In the future, damaged human hearts might be rebuilt with spinach leaves
We've always known spinach is good for your muscles, but... not like this
A team of American scientists are using spinach leaves to built human heart tissue – and it’s actually working.
As scholars know from the work of the pioneering cartoon nutritionist Popeye, spinach is good for building rapid muscle growth if, for instance, you need to protect your girlfriend from a hairy local bully, but this breakthrough is a bit more subtle.

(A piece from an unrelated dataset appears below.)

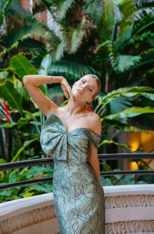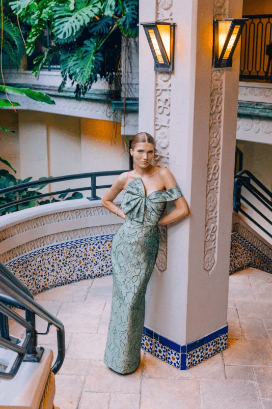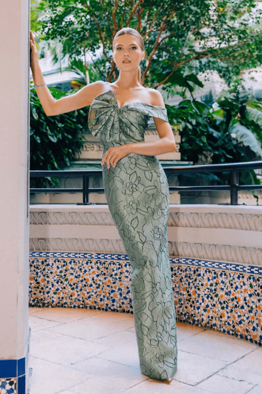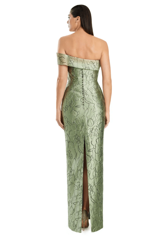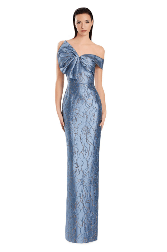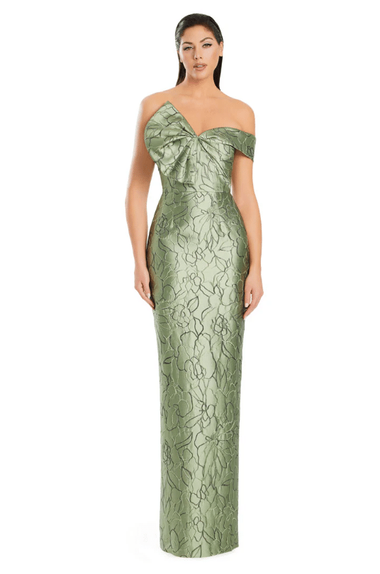 Sleek sophistication meets couture detail in this Alexander by Daymor gown. Crafted in a rich jacquard fabric with a subtle floral motif, this off-the-shoulder design makes an elegant statement. The bodice features an asymmetrical bow detail that draws the eye and adds sculptural dimension, while the fitted column silhouette creates a flattering, elongated shape. Covered buttons trail down the back to a center slit, balancing modern refinement with timeless elegance. Available in an array of striking hues, this gown is a perfect choice for the mother of the bride or groom who desires a polished and memorable look.
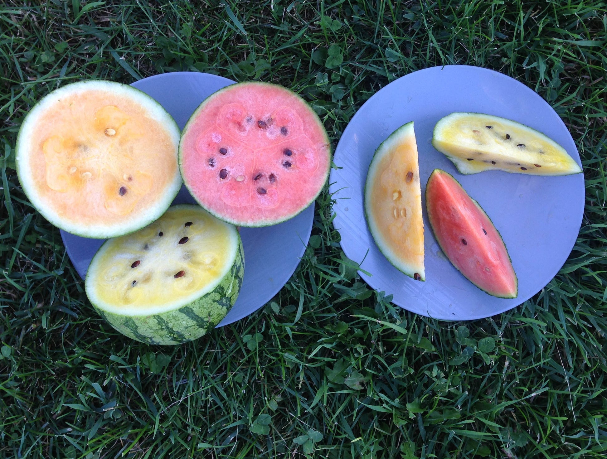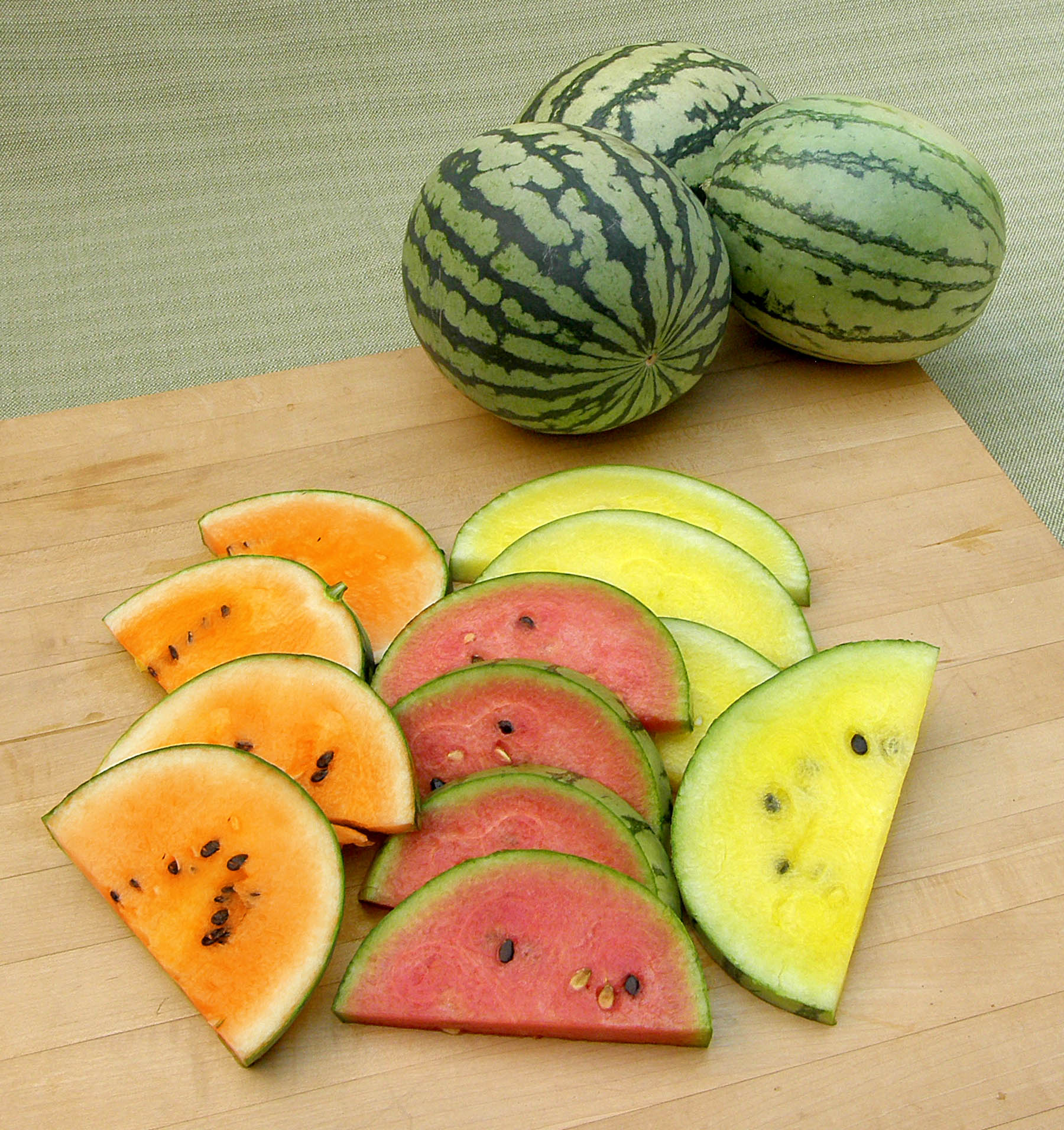 EXCLUSIVE - Grow three varieties of early maturing “icebox” watermelons with delicious pastel yellow, orange or pink flesh. These extra fancy beauties weigh in at only 4 to 7 pounds with thin, green striped rinds and dense, crisp flesh. Their party colors and refreshing sweet, sherbet-like taste make them wonderful everyday treats or gorgeous summer desserts.

We can more or less 3D-print functional human tissue, but one of the unsolved problems with the technique is that we can’t seem to build all the tiny blood vessels and capillaries that are needed to ferry the blood in to make it work, as they’re often too small and fiddly to create. So these scientists have turned to spinach leaves, which have tiny networks of veins of their own, because cellulose, the substance they’re mostly made of, is kind of biocompatible with human tissue.
“The main limiting factor for tissue engineering is the lack of a vascular network,” said Joshua Gershlak, a graduate student who co-authored the study. “Without that vascular network, you get a lot of tissue death.”
Tissue death is the opposite of what we want here.
Firstly, they had to get rid of the rest of the leaf, which they did by pumping detergent through it, to leave only the cellulose network of veins. They then grafted human heart cells onto what was left, and attempted to feed them through the spinach’s veins. It worked, but we’re still years away from anyone having a heart made out of a plant, as it’s not as simple as sticking a few leaves over a hole in someone’s heart and hoping blood will trickle through.
Eventually, however, the researchers hope they will be able to rebuild the damaged muscle tissue in people who have survived heart attacks, using repurposed leaf veins to deliver oxygen via blood cells, and encourage the regrowth of other tissue. They also reckon that the method could be used with other plants on other body tissues, like using wood cells to regenerate human bones.
“We have a lot more work to do, but so far this is very promising,” said co-author Glenn Gaudette. “Adapting abundant plants that farmers have been cultivating for thousands of years for use in tissue engineering could solve a host of problems limiting the field.”